Dulu ketika masih duduk di bangku sekolah dasar, pertanyaan yang pasti terlontar adalah, “cita-citamu nanti apa?” Sebagai anak kecil yang masih polos, jawaban standar yang keluar ya kalau nggak dokter, polisi, guru, atau astronot. Cita-citanya pun tiap minggu ganti. Minggu ini jadi doker, minggu depan polisi, minggu depannya sudah lain lagi. Meskipun kenyataanya sangat sedikit yang akhirnya terwujud. Tapi ya namanya cita-cita, bebas dong mau jadi apa. Urusan terwujud atau nggak, ya itu urusan nanti.

Tapi saya adalah orang yang tak terlalu lama berada dalam fase tersebut. Dulu saya pernah ditanya tentang cita-cita saya. Ya saya jawab saja mau jadi astronot. Kelihatan keren kan, ke bulan, ketemu alien, dan naik UFO. Setidaknya begitu di bayangan saya sampai akhirnya saya dikenalkan dengan usic oleh saudara saya.

Pertama Kali Punya Cita-cita Jadi Musisi

Pertama kali saya tahu, dengar, dan mendalami musik benar-benar adalah ketika saya mendengarkan Peterpan album pertama, “Taman Langit.” Entah mengapa waktu itu saya pingin banget jadi seperti mereka. Padahal saya belum pernah lihat mereka, baik secara langsung atau di tv. Saya cuma dengar dari kaset. Tapi ya namanya suka, mau gimana lagi. Saya benar-benar ingin jadi seperti itu. Iya, jadi musisi. Bikin musik keren, manggung, banyak penggemar, punya pacar cantik, dan bisa jadi kaya.

Sejak saat itu, saya resmi mengubah cita-cita saya. Saat itu, kalau ditanya lagi tentang cita-cita saya, akan saya jawab, “Aku mau jadi musisi.” Saat itu saya masih duduk di sekolah dasar, sekitar kelas tiga atau empat. Saya bisa pastikan, saat itu hanya saya yang punya cita-cita musisi. Setidaknya di antara teman sekelas saya. Saya juga mulai belajar nyanyi dan main gitar, tapi bapak waktu itu belum mau membelikan gitar. Saya baru punya gitar empat tahun kemudian.
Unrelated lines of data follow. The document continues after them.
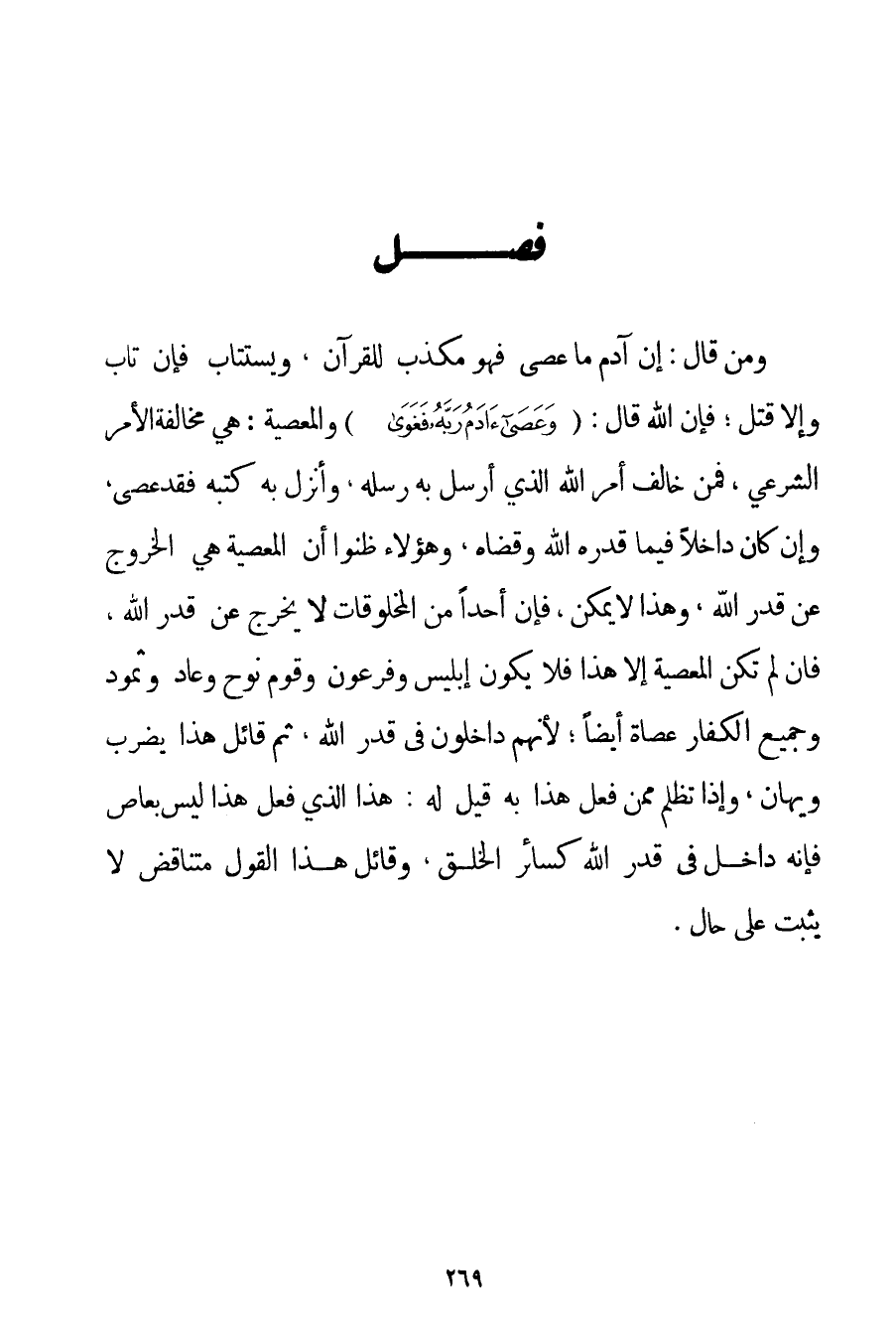وَمَنْ قَالَ: إنَّ آدَمَ مَا عَصَى فَهُوَ مُكَذِّبٌ لِلْقُرْآنِ وَيُسْتَتَابُ فَإِنْ تَابَ وَإِلَّا قُتِلَ؛ فَإِنَّ اللَّهَ قَالَ: {وَعَصَى آدَمُ رَبَّهُ فَغَوَى} وَالْمَعْصِيَةُ: هِيَ مُخَالَفَةُ الْأَمْرِ الشَّرْعِيِّ فَمَنْ خَالَفَ أَمْرَ اللَّهِ الَّذِي أَرْسَلَ بِهِ رُسُلَهُ وَأَنْزَلَ بِهِ كُتُبَهُ فَقَدْ عَصَى وَإِنْ كَانَ دَاخِلًا فِيمَا قَدَّرَهُ اللَّهُ وَقَضَاهُ وَهَؤُلَاءِ ظَنُّوا أَنَّ الْمَعْصِيَةَ هِيَ الْخُرُوجُ عَنْ قَدَرِ اللَّهِ وَهَذَا لَا يُمْكِنُ فَإِنَّ أَحَدًا مِنْ الْمَخْلُوقَاتِ لَا يَخْرُجُ عَنْ قَدَرِ اللَّهِ فَإِنْ لَمْ تَكُنْ الْمَعْصِيَةُ إلَّا هَذَا فَلَا يَكُونُ إبْلِيسُ وَفِرْعَوْنُ وَقَوْمُ نُوحٍ وَعَادٍ وَثَمُودَ وَجَمِيعُ الْكُفَّارِ عُصَاةً أَيْضًا؛ لِأَنَّهُمْ دَاخِلُونَ فِي قَدَرِ اللَّهِ ثُمَّ قَائِلُ هَذَا يُضْرَبُ وَيُهَانُ وَإِذَا تَظَلَّمَ مِمَّنْ فَعَلَ هَذَا بِهِ قِيلَ لَهُ: هَذَا الَّذِي فَعَلَ هَذَا لَيْسَ بِعَاصٍ فَإِنَّهُ دَاخِلٌ فِي قَدَرِ اللَّهِ كَسَائِرِ الْخَلْقِ وَقَائِلُ هَذَا الْقَوْلِ مُتَنَاقِضٌ لَا يَثْبُتُ عَلَى حَالٍ.
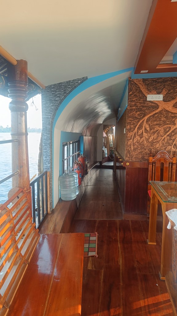 As soon as we reached the houseboat, we were welcomed by the staff on the boat. There were two of them. Since we were just three members, we opted for a boat with a single bedroom. Based on the number of members, one can choose from a wide range of options available there. There were boats with top decks, having double or triple bedrooms. Also, based on the price, the interiors range from deluxe to premium along with other amenities like full time AC, television and music systems etc.
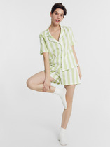 Удобный и практичный домашний костюм из легкого хлопкового трикотажа, состоящий из бриджей и халата на поясе
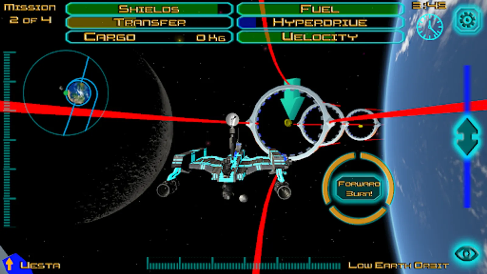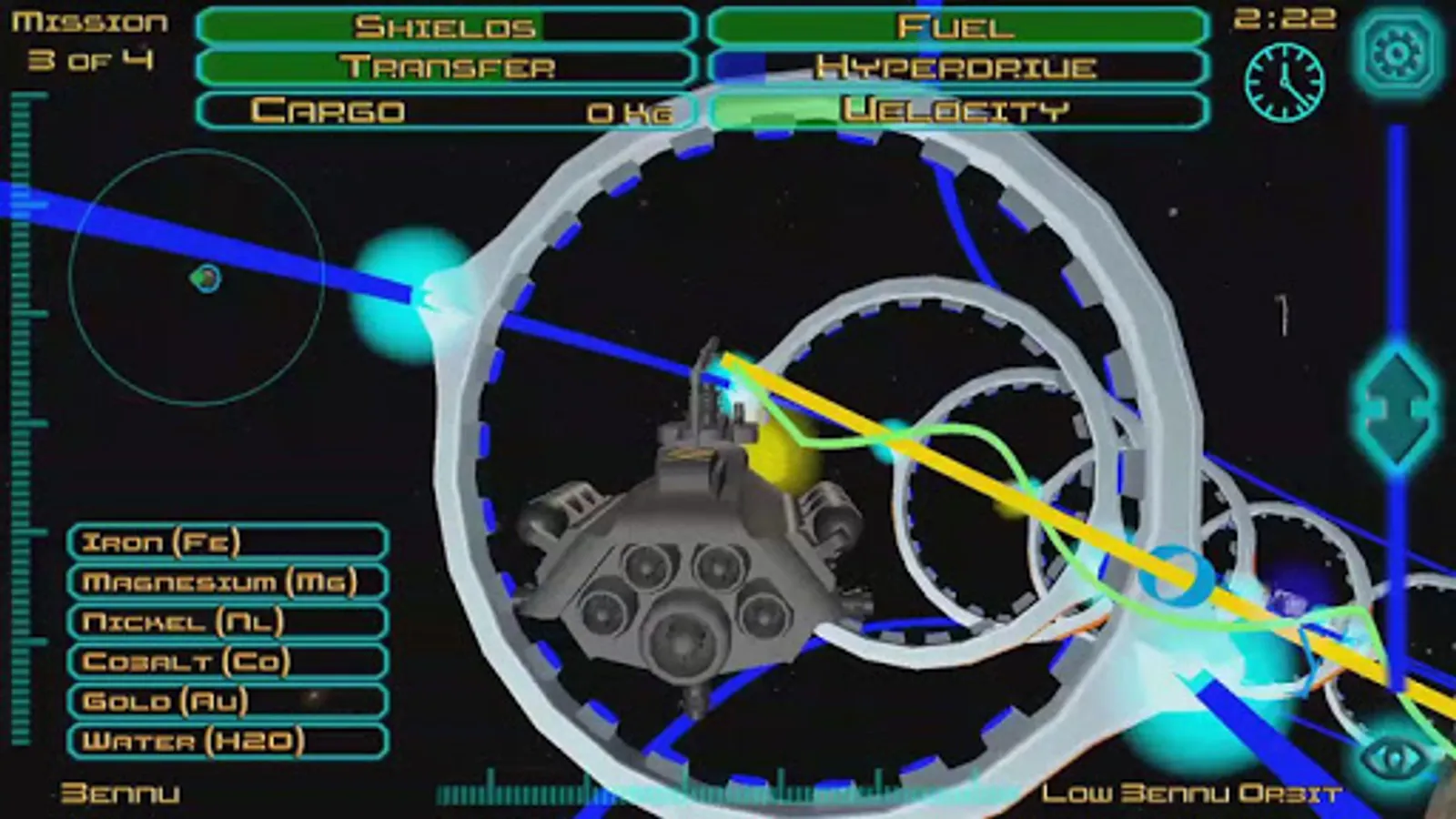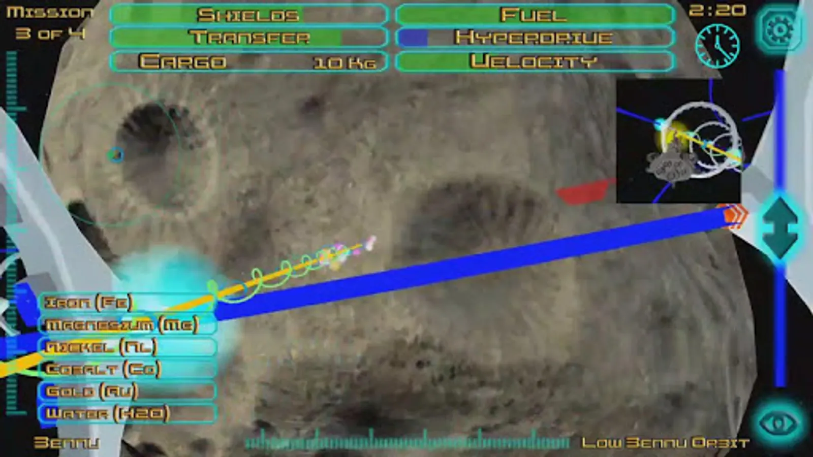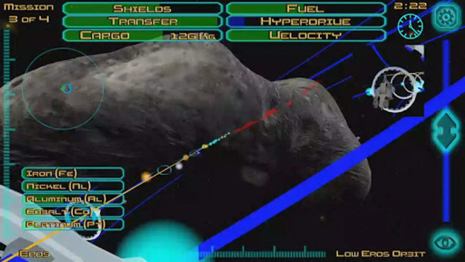 Execute orbital transfers and complete 4 round trip journeys from Earth to one of many Near Earth Object asteroids. Transfer to each successive orbit as close to the target as possible to gain extra bonuses! Fill your cargo hold in low asteroid orbit and sell your ore for changing prices once you make it back to earth.

Saat itu, punya cita-cita jadi musisi masih dianggap keren. Kiblat kebanyakan orang adalah musisi-musisi besar yang manggung di tv tiap hari. Jadi, tiap saya ditanya cita-cita dan saya jawab mau jadi musisi, respons dari teman-teman pasti, “wihhhhh.” dan dibarengi tepuk tangan. Saat itu saya merasa bangga sekali punya cita-cita jadi musisi. Meskipun saya nggak tahu gimana nanti cara mewujudkannya.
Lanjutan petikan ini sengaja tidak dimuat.